Beginning in 1984, the artist turned the camera on the real Lynn Hershman Leeson, and began recording what would become the hourlong edit of her life, the “Electronic Diaries.”

“It was like this omnipotent presence, this Cycloptic eye that was watching and listening and not saying anything, but letting me say anything I wanted,” she remembers of her early relationship with the camera.

Indeed, her real-life therapist was later taken aback to discover the artist had given up certain revelations to the camera that she hadn’t brought to their sessions. And the events of her life, as she recounts in the “Diaries,” shot over the course of more than 30 years, were traumatic. She experienced extreme violence in her family as a child, suffered heart failure during pregnancy that left her in a hospital for four months and later battled a brain tumor.

The camera helped her “come to consciousness,” to evolve, to externalize herself and to survive. It also provided a venue to reflect on the watershed events in the world, like the fall of the Berlin Wall, and the meteoric pace of scientific and technological advancements. “We’ve become a society of screens, of different layers,” she says in an early installment of the “Diaries.” “The truth is almost unbearable.” “A cyborgian future, that’s what I see,” she reflects later on in the piece.

Ms. Hershman Leeson advanced the art world into our cyborgian present with works like “Lorna" (1983), an interactive video work in which viewers explore the contents of an avatar’s apartment and make choices for her. “It took 25 years to show her, because no one knew what it was,” the artist says. “At that point, it looked like an antique.” She began working with programmers on “Agent Ruby,” an AI bot now in SFMOMA’s collection, in 1995. “Agent Ruby doesn’t fail,” the artist said with a note of pride.

The human genome has been a thread through Ms. Hershman Leeson’s work since the ’90s, and in 2018 she had the “Diaries” translated into a strip of synthetic DNA. (“Think of it as expanded cinema,” she said, though part of the appeal was in the value of this medium as a storage method, first developed by the Harvard geneticist George Church — the DNA molecules, she says, can store the frames for a million years.)

The DNA strip will be on view in the exhibition, alongside two personalized antibodies she created in collaboration with Thomas Huber, a genetic scientist at the pharmaceutical company Novartis. The antibodies are based on variations on the letters of her name (LYNNHERSHMAN), and that of her 1970s alter ego Roberta (ERTA).

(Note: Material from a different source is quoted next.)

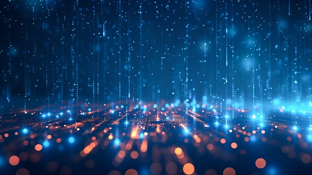 抽象发光的蓝色数字化科技,未来主义城市灯光和空中流动的数据,数字技术概念科学大数据风格数据流和信息流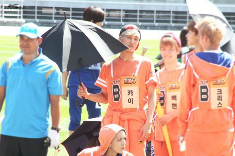 사실 비가 아니라 무대장치였는데 종인이가 비오는줄알고ㅋㅋ

The artist comes from a family of scientists, and her daughter and only child, Dawn Hershman, leads breast cancer research at Columbia University. Ms. Hershman Leeson has long worked with people of different disciplines, and science is fruitful territory for her artistic imagination. “Antibodies look for toxins and attempt to use the immune system to cure those toxins,” she said. “In a sense, that’s what art does. It goes into the cultural body and looks for things that are poisonous and toxic and does things to either bring light to them or to heal them in some way.”

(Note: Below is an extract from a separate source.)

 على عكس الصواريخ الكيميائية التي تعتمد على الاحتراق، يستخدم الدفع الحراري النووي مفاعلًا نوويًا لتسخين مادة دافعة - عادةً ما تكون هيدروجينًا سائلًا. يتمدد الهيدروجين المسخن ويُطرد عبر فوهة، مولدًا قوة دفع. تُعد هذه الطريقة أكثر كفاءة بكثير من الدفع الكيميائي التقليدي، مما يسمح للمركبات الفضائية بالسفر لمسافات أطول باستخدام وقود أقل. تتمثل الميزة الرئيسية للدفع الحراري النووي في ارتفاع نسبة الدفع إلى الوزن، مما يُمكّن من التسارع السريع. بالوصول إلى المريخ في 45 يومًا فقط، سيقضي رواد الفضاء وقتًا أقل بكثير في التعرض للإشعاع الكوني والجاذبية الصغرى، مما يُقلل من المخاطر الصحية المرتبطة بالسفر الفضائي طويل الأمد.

She is tentatively optimistic about our technological future, and she has other works in process that bring to light more positive recent developments in the worlds of art and science.

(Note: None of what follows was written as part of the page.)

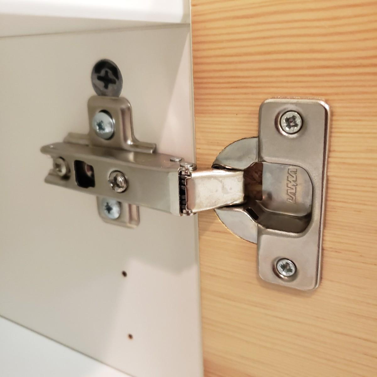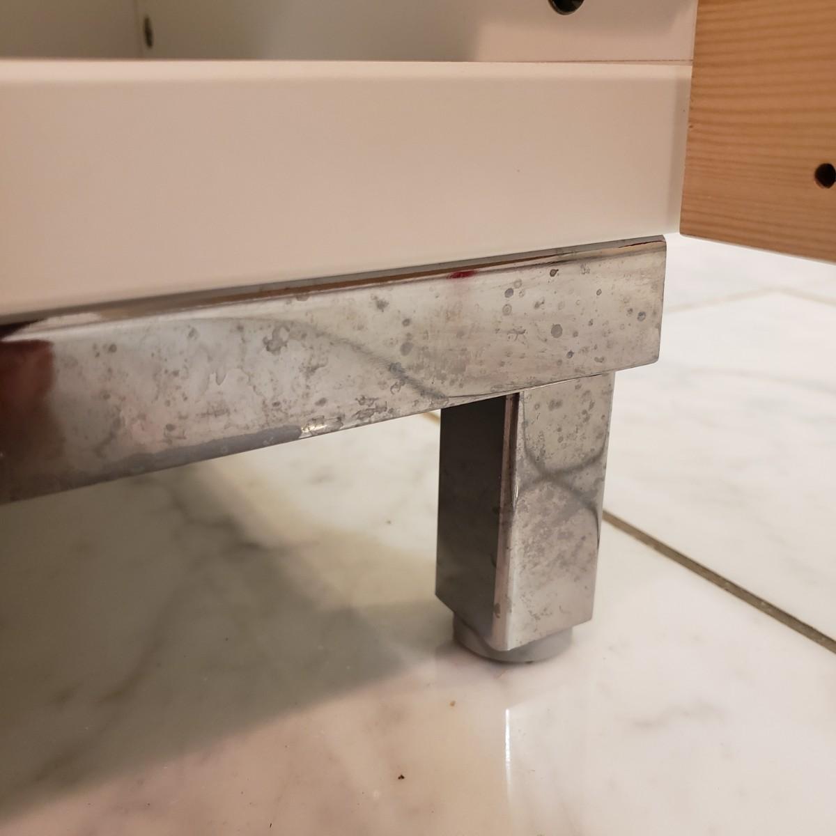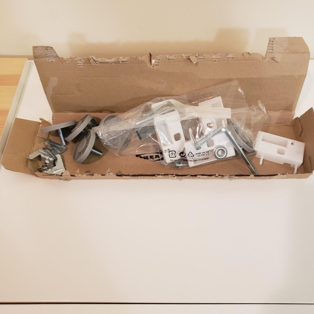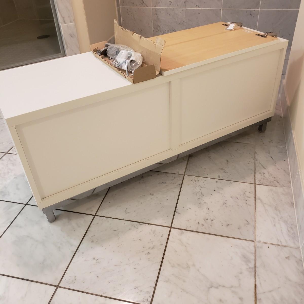 This is a IKEA Best Gumhem styled storage bench. The bench measures 47" x 16" x 19"H. It has a white finish with wood-toned doors. The base and feet are a silver metal. The one door needs to be attached. There is hardware for the door as well as foot knobs and other parts.

One project is inspired by the dozens of underground biohacker labs that she has seen firsthand in and around Berkeley.

“These are people under 20, most of them don’t have degrees. And they’re working with organics to do things like solve the water problem in Michigan,” Ms. Hershman Leeson said. “I really have faith in young people, because they’re digital natives who were born into this era. I feel that young people have this passion to save the planet, and to save humanity.”